[SciPy-user] Combinatoric/Statistics: length of longest sequence

Dr. Hans Georg Krauthaeuser hgk at et.uni-magdeburg.de
Mon Oct 30 03:03:04 EST 2006


A. M. Archibald wrote:
> On 29/10/06, Dr. Hans Georg Krauthaeuser <hgk at et.uni-magdeburg.de> wrote:
>> Dear All,
>>
>> I have a 2d-array A of p-values (coming from pairwise statistical tests
>> of N datasets). N is typically in the range of 100-1000. Now, given a
>> certain threshold, I want to find the longest subset S of range(N), so
>> that A[i][j]>threshold for all i,j from S.
> 
> It's not quite clear, here, whether you want the longest *contiguous*
> subset ({2,3,4,5,6}) or the largest arbitrary subset ({2,17,21,22}).

Oh well, sorry for being not precise enough. I'm searching for the
largest arbitrary subset.

> 
>> Unfortunately, the array A is not 'sparse', i.e. a lot of pairs (i,j)
>> will fulfill A[i][j]>threshold (typically ~50% of the elements).
>>
>> All I can think of are brute force algorithms that probably will run
>> forever because of the large number of possible combinations to check.
> 
> If you want the longest contiguous subset, for N=1000 that's only of
> order a million operations for a brute-force algorithm (for each
> starting element, see how long the run is), so unless you want to do
> it lots of times I wouldn't worry. If you do, some Numeric cleverness
> might allow you to move some of the heavy lifting to C, though for
> simple indexing calculations pure python can be plenty fast.
> 
> If you want the largest arbitrary subset, that's going to be
> expensive, and it bears an unnerving resemblance to the subset-sum
> problem.
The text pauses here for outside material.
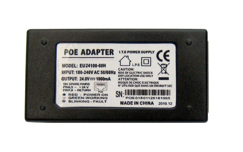 Zemněný univerzální 24V spínaný zdroj s integrovaným POE injektorem a podporou rychlostí 10/100Mbps.
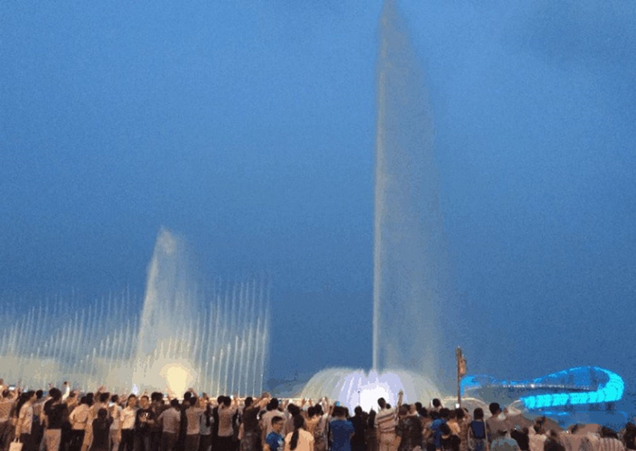 蘇州灣音樂(lè)噴泉,位于蘇州灣閱湖臺(tái)和8字回望景觀橋之間,南北總長(zhǎng)350米左右,由湖上噴泉、激光電影區(qū)和慶典噴泉三大組團(tuán)組成,共有噴頭1353個(gè),主噴頭的噴射高度將達(dá)到120米左右。

I can imagine an expensive  recursive algorithm that would do
> it without too much pain, though the space to search is so huge you're
> liable to be taking a very long time. However you go about it, you may
> be better off using python's set datatype (for element i, form the set
> of all elements j for which A[i][j]>threshold).
> 
> I've attached a demonstration program that solves both interpretations
> of your problem; the difficult one appears to bog down seriously
> around N=200 (with p=0.5) but the easy one runs into memory problems
> before taking too long.
> 
> A. M. Archibald
> 
> 

Thanks a lot for your hints and for the example code. I will check what
I can do with it. I'll be back when I have some results.